A cena jurídica brasileira foi surpreendida pelo voto do ministro Luiz Fux, no julgamento dos réus acusados de envolvimento na tentativa de abolição violenta do Estado Democrático de Direito, durante a crise golpista que teve como ápice os atos de 8 de janeiro.
Em seu voto, Fux sustentou a condenação de Mauro Cid, ex-ajudante de ordens de Jair Bolsonaro e delator premiado, afirmando que ele participou ativamente da engrenagem que visava corroer as bases institucionais da República. Segundo o ministro, o papel de Cid foi essencial para a difusão de narrativas golpistas, para a operacionalização de estratégias digitais de mobilização e para a articulação de setores militares em torno da ruptura democrática.
No entanto, no mesmo voto, Fux advogou pela absolvição de Jair Bolsonaro, que fora acusado de liderar, instigar e se beneficiar diretamente do movimento golpista.
Essa decisão gera um paradoxo lógico e político-jurídico: como condenar o delator — cujo valor probatório repousa justamente na relação hierárquica com o delatado — e ao mesmo tempo absolver a figura central a quem ele subordinava sua conduta?
O papel do delator e a coerência da decisão
O instituto da delação premiada não é isento de críticas, mas seu funcionamento pressupõe um vínculo de causalidade entre os fatos narrados e a responsabilização de agentes de maior hierarquia. Em outras palavras: a delação serve como ferramenta para punir quem manda mais do que quem obedece.
Se Mauro Cid é condenado por atuar como parte de um plano golpista, é razoável perguntar: quem se beneficiava desse plano? Quem era o destinatário político da ação?. A resposta natural seria o ex-presidente, já que era dele que emanavam as ordens, as narrativas e o horizonte de poder a ser conquistado em eventual ruptura.
Absolver Bolsonaro nesse contexto enfraquece a própria lógica da condenação de Cid. Fux, ainda que juridicamente embasado em lacunas probatórias diretas contra o ex-presidente, cria a percepção de que o soldado é punido, mas o general é poupado.
O paradoxo ético e político
Esse descompasso abre espaço para críticas mais amplas:
- No campo ético, a decisão pode ser lida como um desincentivo ao instituto da colaboração premiada. Afinal, se o delator é punido mesmo colaborando e o suposto mandante é absolvido, que valor tem a confissão?
- No campo político, a decisão gera a narrativa de impunidade em relação a lideranças, reforçando a percepção de que a Justiça brasileira pune elos frágeis, mas hesita em responsabilizar figuras centrais.

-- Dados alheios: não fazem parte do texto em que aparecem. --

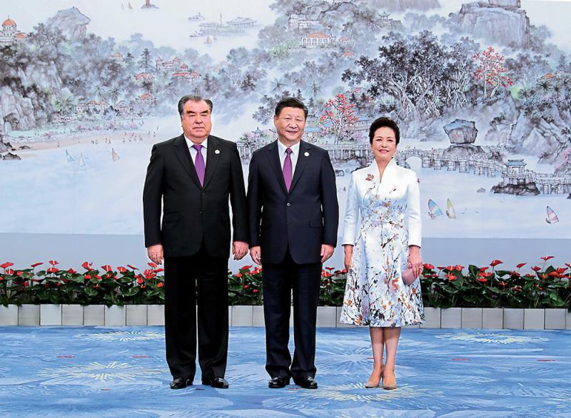 圖:二○一七年九月四日,國家主席習近平(中)與夫人彭麗媛(右)在廈門國際會議中心舉行宴會時迎候塔吉克總統拉赫蒙(左)\資料圖片

- No campo institucional, a contradição abala a coerência do STF, pois passa a mensagem de que a prova é suficiente para condenar um executor, mas não para responsabilizar o principal beneficiário.
O voto de Luiz Fux ficará marcado como um episódio de paradoxo judicial. Ao condenar Mauro Cid e absolver Jair Bolsonaro, o ministro abre um flanco de críticas sobre a coerência interna das decisões do Supremo.
Mais do que uma questão de técnica jurídica, trata-se de um dilema sobre a efetividade da Justiça em punir lideranças políticas que atentam contra a democracia. Ao punir o executor e absolver o comandante, corre-se o risco de inverter o princípio de responsabilidade: em vez de proteger o Estado Democrático de Direito, a Justiça pode acabar reforçando a cultura da impunidade entre os mais poderosos.